My “beef” is public lands are being used to subsidize politically motivated special interest groups and not by businesses that contribute to the national economy. Hunting only exists because of the North American Wildlife Conservation Model. American Prairie is not part of that model.
AP allows public hunting of them on the BLM lands, which in turn are being consumed by the hunters, no? So since the AP allows PUBLIC hunting of bison and doesn't charge for them this is somehow "unplugged" from the national economy? Say they were not allowing any hunting and just slaughter them like cattle and selling, then would they be plugged in?

By this logic all elk and deer etc. on USFS lands are also unplugged?
 
AP allows public hunting of them on the BLM lands, which in turn are being consumed by the hunters, no? So since the AP allows PUBLIC hunting of bison and doesn't charge for them this is somehow "unplugged" from the national economy? Say they were not allowing any hunting and just slaughter them like cattle and selling, then would they be plugged in?

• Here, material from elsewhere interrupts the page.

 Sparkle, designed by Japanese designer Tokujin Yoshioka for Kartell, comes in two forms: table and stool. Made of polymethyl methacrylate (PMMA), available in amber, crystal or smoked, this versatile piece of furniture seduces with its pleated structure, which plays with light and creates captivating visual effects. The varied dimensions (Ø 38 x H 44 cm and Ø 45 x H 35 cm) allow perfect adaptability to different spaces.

By this logic all elk and deer etc. on USFS lands are also unplugged?

The tail is wagging the dog…
 
There are “holes” in CFRs (Codified Federal Regulations). The CFRs are “distilled” from USC (United States Code) which is enacted by Congress. Sometimes the Federal Agency’s OGC (Office of General Counsel) broadens the scope of CFRs to protect that Agency’s Management decisions. If those Agency decisions are appealed; the appeal goes before that Agency’s appeal board. It is an intra-agency board made up by a panel of administrative law judges.

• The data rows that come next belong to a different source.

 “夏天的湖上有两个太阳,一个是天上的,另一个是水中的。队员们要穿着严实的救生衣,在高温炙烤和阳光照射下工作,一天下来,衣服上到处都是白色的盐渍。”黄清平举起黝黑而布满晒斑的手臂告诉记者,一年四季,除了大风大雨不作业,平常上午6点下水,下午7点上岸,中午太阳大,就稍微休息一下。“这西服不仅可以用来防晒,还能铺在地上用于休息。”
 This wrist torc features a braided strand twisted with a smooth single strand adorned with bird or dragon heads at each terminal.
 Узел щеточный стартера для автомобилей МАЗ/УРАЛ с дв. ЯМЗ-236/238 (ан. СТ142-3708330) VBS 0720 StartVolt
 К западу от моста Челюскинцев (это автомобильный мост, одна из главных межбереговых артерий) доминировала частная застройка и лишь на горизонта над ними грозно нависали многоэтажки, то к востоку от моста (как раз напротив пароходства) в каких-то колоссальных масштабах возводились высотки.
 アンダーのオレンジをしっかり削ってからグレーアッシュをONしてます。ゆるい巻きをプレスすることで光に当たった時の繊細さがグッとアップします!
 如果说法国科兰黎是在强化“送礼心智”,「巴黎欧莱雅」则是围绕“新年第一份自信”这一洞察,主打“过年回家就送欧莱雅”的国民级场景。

For BLM the appeals board is: Interior Board of Land Appeals (IBLA) which has the authority to hear grazing appeals. The ILBA decisions are final but can be reviewed by a U.S. District Court. The ILBA argues the law (USC) not the CFR. In this grazing case, precedence isn’t applied to federal law, rather precedence only applies to future BLM grazing decisions. The issue at hand is APs free ranging bison that are not raised for profit - consumption etc. Those bison are not “plugged” into the national economy in any way. If there were prior decisions made to graze bison on public lands, and I’m not doubting that there were, those decisions were made based on bison that were being raised for consumption and/or profit.

My “beef” is public lands are being used to subsidize politically motivated special interest groups and not by businesses that contribute to the national economy. Hunting only exists because of the North American Wildlife Conservation Model. American Prairie is not part of that model.

How is cattle grazing on public lands for profit part of North American conservation model?